La Legge di Bilancio 2023, emanata dal legislatore, ha stabilito un nuovo regime fiscale specifico per la tassazione delle diverse varianti di reddito che scaturiscono dalla detenzione di cripto-attività. Questo regime è effettivo a partire dal primo giorno di gennaio del 2023 e ha reso le cripto-attività una nuova categoria di reddito, denominata “diversi”.

L’attuazione di questa legge è stata realizzata tramite l’introduzione del nuovo inciso c-sexies) del primo comma dell’articolo 67 del Tuir (Testo unico delle imposte sui redditi).
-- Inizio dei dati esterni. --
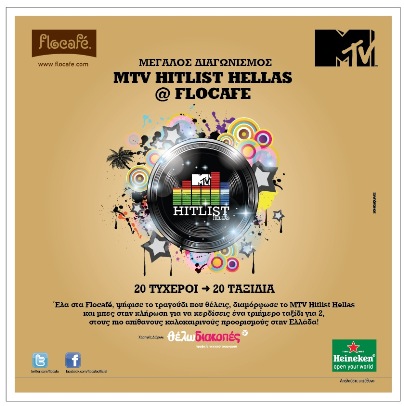 Η εμπειρία Flocafé επιφυλάσσει και άλλες όμορφες εκπλήξεις! Σε συνεργασία με το μεγαλύτερο ελληνικό μουσικό κανάλι MTV και τη δημοφιλή εκπομπή MTV HIT LIST, όσοι επισκέπτονται τα καταστήματα Flocafe θα έχουν τη δυνατότητα να διαμορφώσουν το MTV Hitlist Hellas Chart και να λάβουν μέρος σε κλήρωση για 20 τριήμερα πακέτα διαμονής στους πιο καλοκαιρινούς προορισμούς στην Ελλάδα. Μην χάσετε τα 16 feel good events που θα πραγματοποιηθούν με τη δυναμική συμμετοχή των VJs του MTV με δώρα διπλά εισιτήρια για τις πιο «καυτές» συναυλίες του καλοκαιριού!

Questo distinguibile inciso definisce le cripto-attività come “una manifestazione digitale di valore o diritti che possono essere trasferiti e conservati in modo elettronico, facendo uso di una tecnologia di registro distribuito o una tecnologia simile”. E’ importante sottolineare come questa descrizione corrisponda completamente a quella presente nel nuovo Regolamento MiCA.

Ci sono dubbi tra gli operatori del settore riguardo l’inclusione delle criptovalute nel campo di applicazione del MiCA. Se si considerasse l’idea che le criptovalute siano effettivamente escluse dal MiCA, ne deriverebbe l’esclusione anche delle regole fiscali delineate nell’articolo 67, comma 1, lettera c-sexies del Tuir, dato che le definizioni di cripto-attività sono coerenti.
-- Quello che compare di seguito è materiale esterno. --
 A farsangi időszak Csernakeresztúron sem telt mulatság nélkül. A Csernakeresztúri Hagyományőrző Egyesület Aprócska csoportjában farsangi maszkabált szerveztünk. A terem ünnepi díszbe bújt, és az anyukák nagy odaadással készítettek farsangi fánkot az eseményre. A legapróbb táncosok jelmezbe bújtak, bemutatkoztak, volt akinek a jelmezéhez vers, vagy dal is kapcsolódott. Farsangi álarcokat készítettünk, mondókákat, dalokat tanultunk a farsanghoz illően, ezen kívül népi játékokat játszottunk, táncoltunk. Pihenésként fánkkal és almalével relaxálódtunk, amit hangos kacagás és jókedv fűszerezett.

Perciò, nella definizione di cripto-attività rientrano quelle rappresentazioni digitali di valore o diritti che non rientrano nella categoria di strumento finanziario (poiché gli strumenti finanziari sono esclusi dal MiCA).

Specificatamente, la categoria fiscale include guadagni e profitti realizzati dalle seguenti operazioni:

  • Uso di criptoattività per l’acquisto di beni o servizi (conosciuti come token di utilità);
  • Uso di una valuta digitale per l’acquisto di un NFT;
  • Conversione di una valuta digitale in Euro o altre valute FIAT;
  • Vendita di NFT già “emessi”.

Invece, i redditi derivanti da cosiddetti token di investimento (o token di sicurezza) che rientrano nell’ambito degli strumenti finanziari delineati da MiFID II non sono inclusi. Questi token dovrebbero essere considerati strumenti finanziari in ogni aspetto, indipendentemente dal fatto che siano digitalizzati o meno.

In conclusione, le attività sottoposte alla nuova normativa includono le tradizionali valute digitali, le stablecoin, i non fungible token (NFT) e i token di utilità, purché queste attività siano state rilasciate, trasferite, registrate e archiviate utilizzando la tecnologia blockchain.